Estudos recentes na procura de civilizações extraterrestres estão a lançar luz sobre conexões inesperadas entre os níveis de oxigénio, dióxido de carbono e o potencial de vida fora da Terra

15 Jan 2024 - 11h09 | Atualizado em 15 Jan 2024 - 11h09
Cientistas estão em busca de tecnoassinaturas no espaço profundo Lorena Bueri

Recentemente a NASA financiou e divulgou a publicação de um artigo na Nature Astronomy onde argumenta que a presença de oxigênio na atmosfera de um planeta poderia servir como um indicador crucial na busca por civilizações extraterrestres. Devido à sua ligação ao fogo, a atmosfera rica em oxigénio da Terra desempenhou um papel significativo na criação de civilizações sofisticadas, embora suporte vida aeróbica complexa.

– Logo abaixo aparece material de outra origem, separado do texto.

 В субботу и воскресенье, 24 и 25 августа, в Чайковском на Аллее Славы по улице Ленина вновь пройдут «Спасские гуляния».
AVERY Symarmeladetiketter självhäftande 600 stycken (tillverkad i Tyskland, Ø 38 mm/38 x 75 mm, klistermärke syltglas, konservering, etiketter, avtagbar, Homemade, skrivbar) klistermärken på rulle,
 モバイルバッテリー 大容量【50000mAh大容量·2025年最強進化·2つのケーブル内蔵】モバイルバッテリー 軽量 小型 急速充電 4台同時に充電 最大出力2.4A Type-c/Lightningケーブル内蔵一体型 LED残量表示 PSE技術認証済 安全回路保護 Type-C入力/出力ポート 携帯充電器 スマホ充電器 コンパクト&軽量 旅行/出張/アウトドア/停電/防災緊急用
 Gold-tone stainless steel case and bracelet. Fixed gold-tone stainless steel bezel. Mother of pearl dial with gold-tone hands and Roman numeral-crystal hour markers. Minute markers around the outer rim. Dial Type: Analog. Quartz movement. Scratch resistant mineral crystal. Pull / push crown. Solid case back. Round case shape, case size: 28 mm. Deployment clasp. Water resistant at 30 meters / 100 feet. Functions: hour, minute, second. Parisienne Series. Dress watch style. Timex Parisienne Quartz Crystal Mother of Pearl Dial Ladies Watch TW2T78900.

O estudo sugere que dar prioridade à procura de níveis elevados de oxigênio em exoplanetas poderia revelar potenciais "assinaturas tecnológicas" – provas científicas de tecnologia passada ou presente que sugerem a existência de civilizações avançadas em sistemas estelares distantes. Com mais de 5.200 exoplanetas identificados e o Telescópio Espacial James Webb estudando ativamente suas atmosferas, a busca por essas assinaturas tecnológicas abre um novo caminho na procura por vida alienígena.

Oxigênio, fogo e tecnologia extraterrestre

As assinaturas tecnológicas abrangem uma ampla gama de indicadores potenciais, incluindo sinais de rádio, luz artificial, painéis solares, enxames de satélites, megaestruturas e até poluição industrial na atmosfera de um planeta. A pesquisa argumenta que a detecção de tais tecnoassinaturas pode ser mais viável do que a evidência direta de vida microbiana nas atmosferas de exoplanetas, conhecidas como bioassinaturas.

O Telescópio James Webb está em busca de tecnoassinaturas pelo espaço. (Reprodução/NASA)


Dióxido de carbono como sinal de água líquida e possível vida extraterrestre

Paralelamente, um segundo estudo propõe uma ligação intrigante entre os níveis de dióxido de carbono e o potencial da água líquida – um ingrediente chave para a vida tal como a conhecemos. Planetas com um mínimo de dióxido de carbono nas suas atmosferas podem ser um indicativo da presença de água líquida nas suas superfícies, aumentando a tentadora possibilidade de vida extraterrestre.

À medida que o Telescópio Espacial James Webb da NASA continua a desvendar os segredos de exoplanetas distantes, a comunidade científica está ansiosa por explorar estes novos caminhos na procura de sinais de vida para além do nosso sistema solar. A interação entre o oxigênio, o dióxido de carbono e o potencial para civilizações tecnologicamente avançadas está a acrescentar novas perspetivas à velha questão de saber se estamos sozinhos no universo.

Em busca do fogo

O fogo tem sido a força motriz por trás das sociedades industriais, possibilitando o desenvolvimento tecnológico na Terra. A utilização controlada do fogo requer níveis específicos de oxigênio na atmosfera, sendo fundamental para atividades como cozinhar, forjar metais e aproveitar a energia. 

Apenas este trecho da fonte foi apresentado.